Yes, you absolutely can train on your own. We learned the way it sounds like you started: search various locations and items for food, start pairing the food with odor, and then just use odor. I've heard good things about the Fenzi course, but I think the method is a little different.



Dogsignalfire said:


> LANCER GOT HIS BIRCH ORT IN 13 SECONDS, YAS YAS YAS. Dang smart good joyous dog who just wants a ball.
> 
> And then I come home and check and there aren't any NW1 trials local-ish to me for the rest of the year for now. :clap2: LOL. But there's an L1 Interiors and Exteriors trial in 2 months, so I think we're just gonna do that. JUST DOIN IT.


Congratulations!


----------



## trainingjunkie

Congratulations! That's great!

And I have never taken an in-person nosework class in my life. I trial with 3 dogs and they're all holding their own.


----------



## Dogsignalfire

cookieface said:


> Yes, you absolutely can train on your own. We learned the way it sounds like you started: search various locations and items for food, start pairing the food with odor, and then just use odor. I've heard good things about the Fenzi course, but I think the method is a little different.
> 
> 
> 
> Congratulations!





trainingjunkie said:


> Congratulations! That's great!
> 
> And I have never taken an in-person nosework class in my life. I trial with 3 dogs and they're all holding their own.

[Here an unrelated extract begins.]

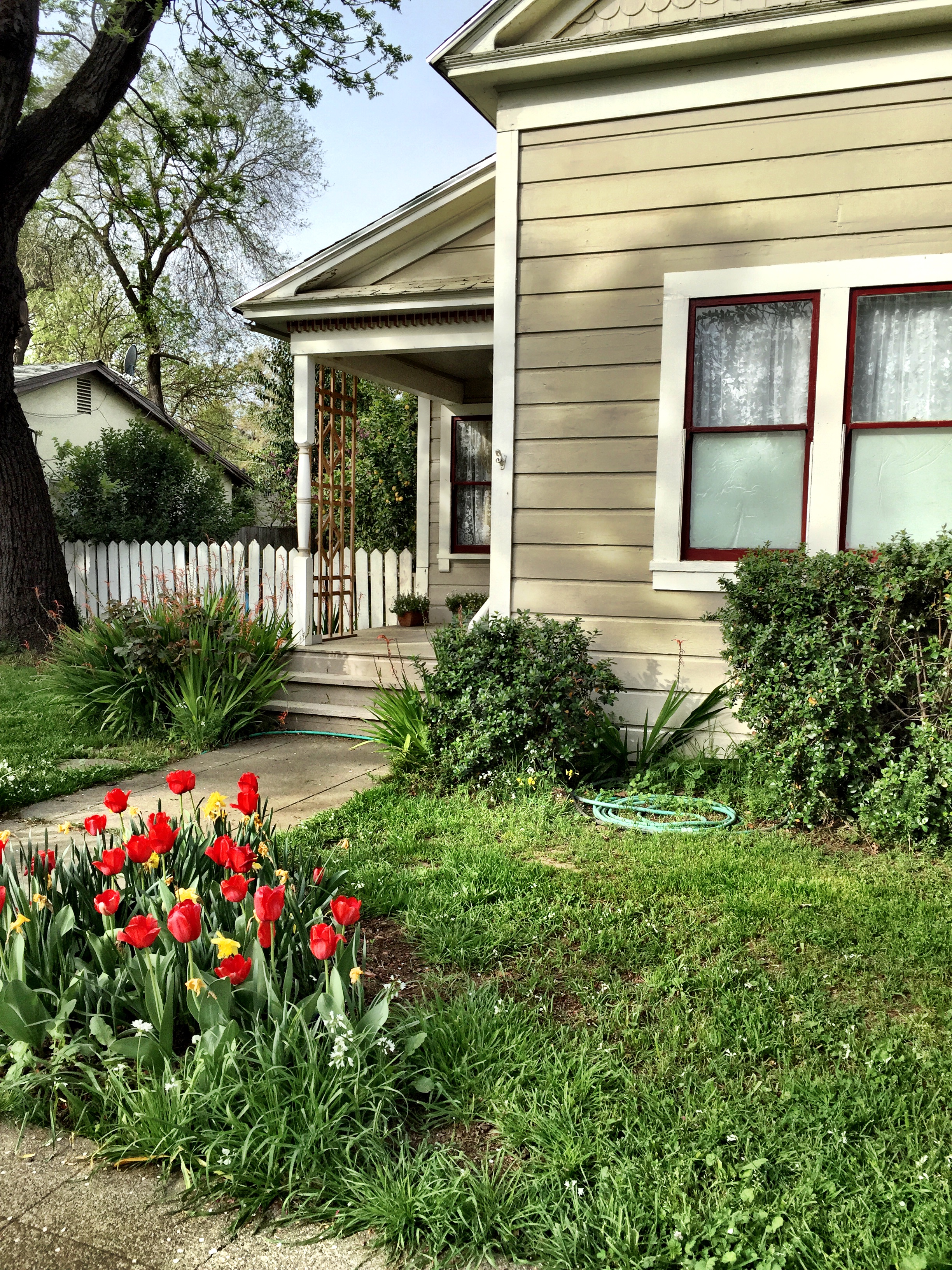 A nice cluster of red tulips with a smattering of daffs on the way to brunch this morning. (And by the way, Bernardo’s is serving up the best corned beef hash I’ve ever eaten. Ever. I’m not kidding. I ordered it without the potatoes (I know, but I just wanted the corned beef). Probably just for the month of March. Consider yourself informed.)

Thanks guys!! Also trainingjunkie, that's awesome. For me, I had to take at least a few, because I learned ton of training know-how just to begin with. For example, I wouldn't have known the important of rewarding at source/how to teach the dog to stay at source (especially since I started using a ball reward), and nothing about scent theory either unless I knew to google it.


----------



## Canyx

Congratsss!!!!


----------



## Canyx

I have a question. I am training Brae on nosework at a casual level. He is doing really well! But he does this thing where he will pass over the odor and then come back to it. He does not indicate the incorrect container (a stage I struggled briefly with, with Soro). I don't sense a lack of understanding because he WILL indicate correctly in the end with no help from me. But does that indicate an... unsureness? Like, he needs to check out one or two areas first before making the choice? He *should* have a great nose. His mother was high scoring in the tracking portion of IPO (99/100), his father has his FR3 but I don't know the scores, and he has siblings and half siblings actively competing in nosework and doing SAR. I am mostly thinking he will get better the more he plays.

I am not too concerned about it since at the level I'm doing it at, time is not of the essence  But I am curious from a training perspective what might be going on.

But here is a video, and skip to 3:00 to watch the two clips back to back:


----------



## ireth0

I wouldn't worry about it, some dogs like to check everything before committing. He may be wanting to make sure that the container is the strongest source of the odour. 

I wouldn't think of it as being unsure, more like just how he searches.


----------



## dagwall

Can't watch the video because I'm at work but it's fairly normal and called cataloging. They like to check everything out first then go back and alert on the hides. I'm sure there are ways to work through it and get them to alert on first encounter but if you aren't worried about fast times I'd roll with it myself. Jubel likes to catalog sometimes, I'm okay with it as long as he does alert to it usually on the second pass.


----------



## Canyx

Thank you both for your input! Nice to know there is a name for it too


----------



## Bentwings

I must have missed your nose work in the video. You are doing very well from what I saw.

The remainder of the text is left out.